# Your objective:
Only the lines from the one with "CHAK 20 RB | |||" through the last line of the material below belong in the answer, copied exactly and without pictures.

# Raw data:
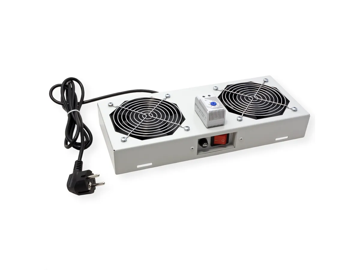 Roline 19″ krovni ventilacijski modul s 2 ventilatora i termostatom, sivi
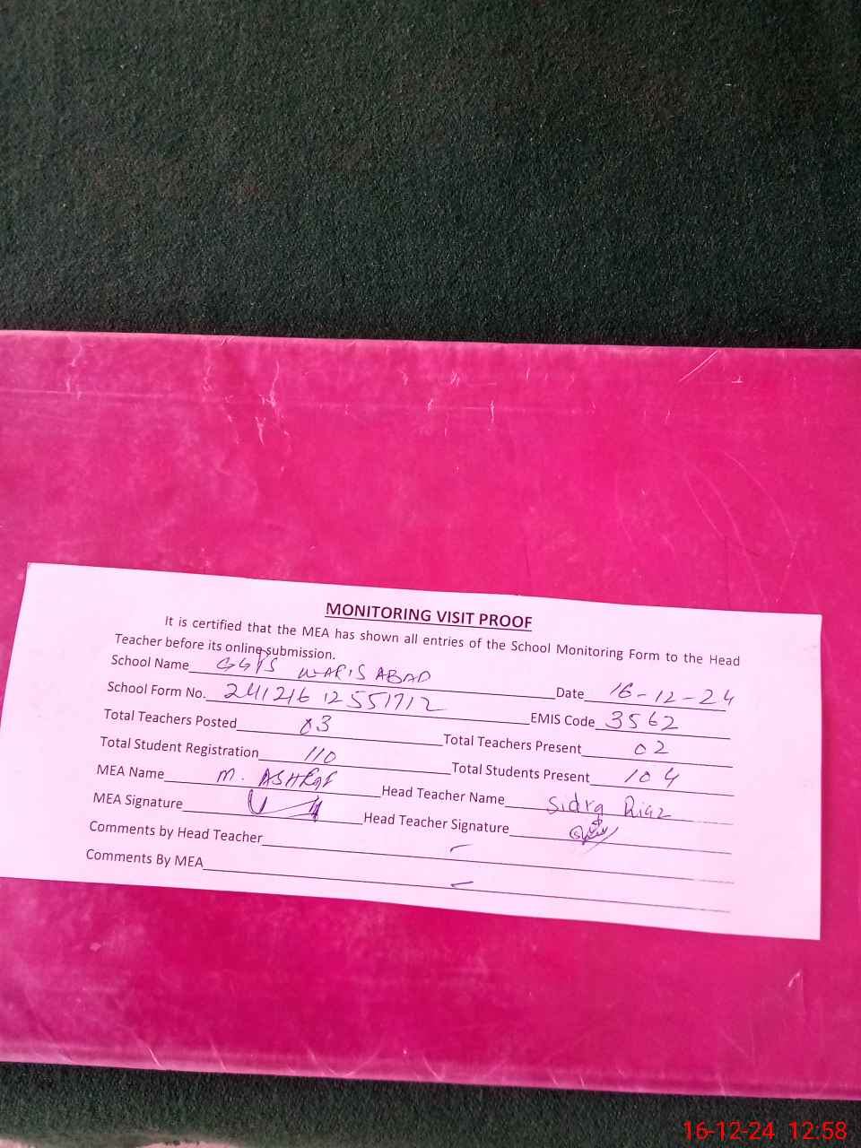 | EMIS Code: 35620815 | Name of School: GGPS WARIS ABAD CHAK 20 RB | |||
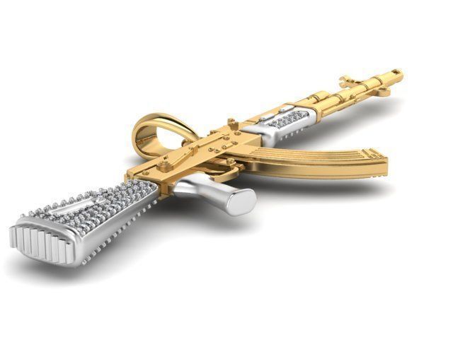 AK47 Machine Gun 14K Gold Men Pendant
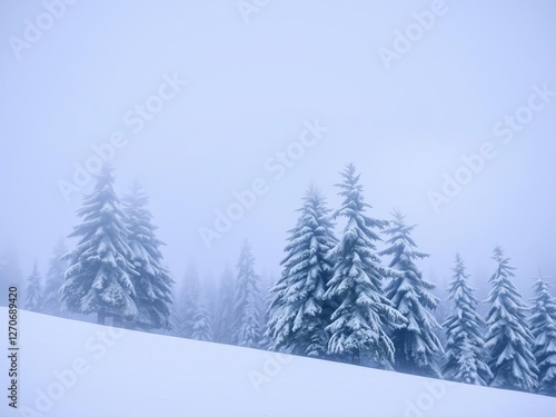 Naklejka premium Skiers gracefully ski through a snowy forest surrounded by fog, creating a serene winter scene, trees, peaceful, tranquil

# Written solution:
 | EMIS Code: 35620815 | Name of School: GGPS WARIS ABAD CHAK 20 RB | |||
 AK47 Machine Gun 14K Gold Men Pendant
 Naklejka premium Skiers gracefully ski through a snowy forest surrounded by fog, creating a serene winter scene, trees, peaceful, tranquil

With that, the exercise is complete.